At the same time, I do like how the movie gives lie to Wolverine’s central conceit and complaint, which he says early to Yashida: “Trust me, Bub. You don’t want what I’ve got.” Really? Instant recuperation from any injury? Long life? No, I think I’d like to have that. The problem has never been Logan’s power but what he does with it. He’s relies upon it like a crutch. It’s astonishing the number of ninjas who lay hands on him. They’ve trained for, what, a decade or two, he for centuries, yet they’re actually better fighters than he is. He just recuperates faster. His super power has actually made him weaker.
And can he learn a second language? Alive nearly two centuries and he can’t speak a lick of Japanese.
And what’s Canadian about him? He seems wholly, gruffly American. Because he is. He’s Ben Grimm recast.
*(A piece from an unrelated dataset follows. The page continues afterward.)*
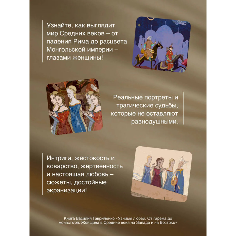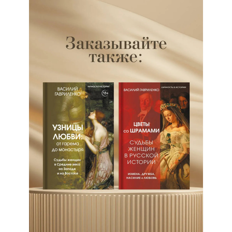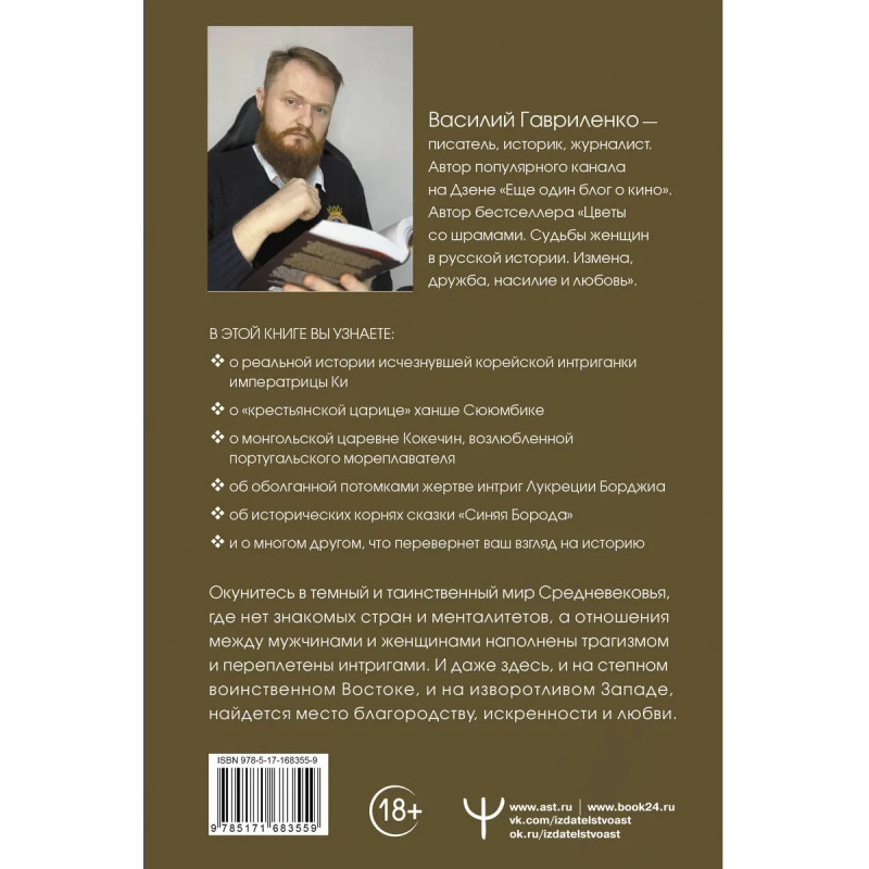 Всесокрушающая любовь и роковая страсть, разрушающая ревность и бесконечная жертвенность та часть истории, о которой мы мало знаем, и та ее сторона, где правили женщины. Василий Гавриленко, писатель и журналист, автор бестселлера "Цветы со шрамами. Судьбы женщин в русской истории. Измена, дружба, насилие и любовь" представляет вторую книгу о трудной судьбе женщин в истории. На этот раз автор погрузит читателя в полумифический мир Средних веков от эпохи после падения Рима до расцвета Монгольской империи. Вас ждут захватывающие и трагические истории о ханских наложницах, прекрасных дамах, их не всегда благородных рыцарях, о восточных правительницах, придворных интригах, жестоких перипетиях, легших в основу страшных сказок и легенд.

And why just dream of Jean? What happened to the girl from the ’70s? Already forgotten? And was there no girl from the ’50s? The ’20s? The Gay ’90s? The 1860s? No, he keeps dreaming of Jean, who, like Jamie King in the godawful “Spirit” movie, and Jessica Lange in “All That Jazz,” represents death. Apparently death is always a beautiful woman. At least for men with limited imaginations.
X-Men melodrama
But somehow the movie still works. Not sure who to credit. Screenwriter Scott Frank has a tendency to work on movies that are better and smarter than they should be: “Get Shorty,” “Out of Sight,” “Minority Report” and “Marley & Me,” among others. Screenwriter Mark Bomback is associated with more loutish films (“Live Free or Die Hard,” the “Total Recall” reboot, the “Race to Witch Mountain” reboot), while director James Mangold has made some not-bad serious films: “Walk the Line,” “3:10 to Yuma,” “Girl, Interrupted.” Jackman is superb as always.
Fanboys will probably be talking up the mid-credit sequence, two years after the events in this movie, when both Magneto (Ian McKellen, with powers) and Professor X (Patrick Stewart, alive again), appear to Logan asking for his help against a new, powerful enemy. Wooooo! Yeah, but not for me. That was cool in “Iron Man” in 2008 but now it’s just a ploy to build toward another “Avengers”-like killing at the box office. It’s sloppy sevenths.
No, the better part of “The Wolverine” is the part the fanboys won’t like—that it’s the least superhero-y of the recent superhero movies. It also feels like some vaguely intelligent people were behind it, and they didn’t mind crediting their audience with some vague intelligence, either. In today’s culture, with today’s summer movies, that’s a welcome change, bub.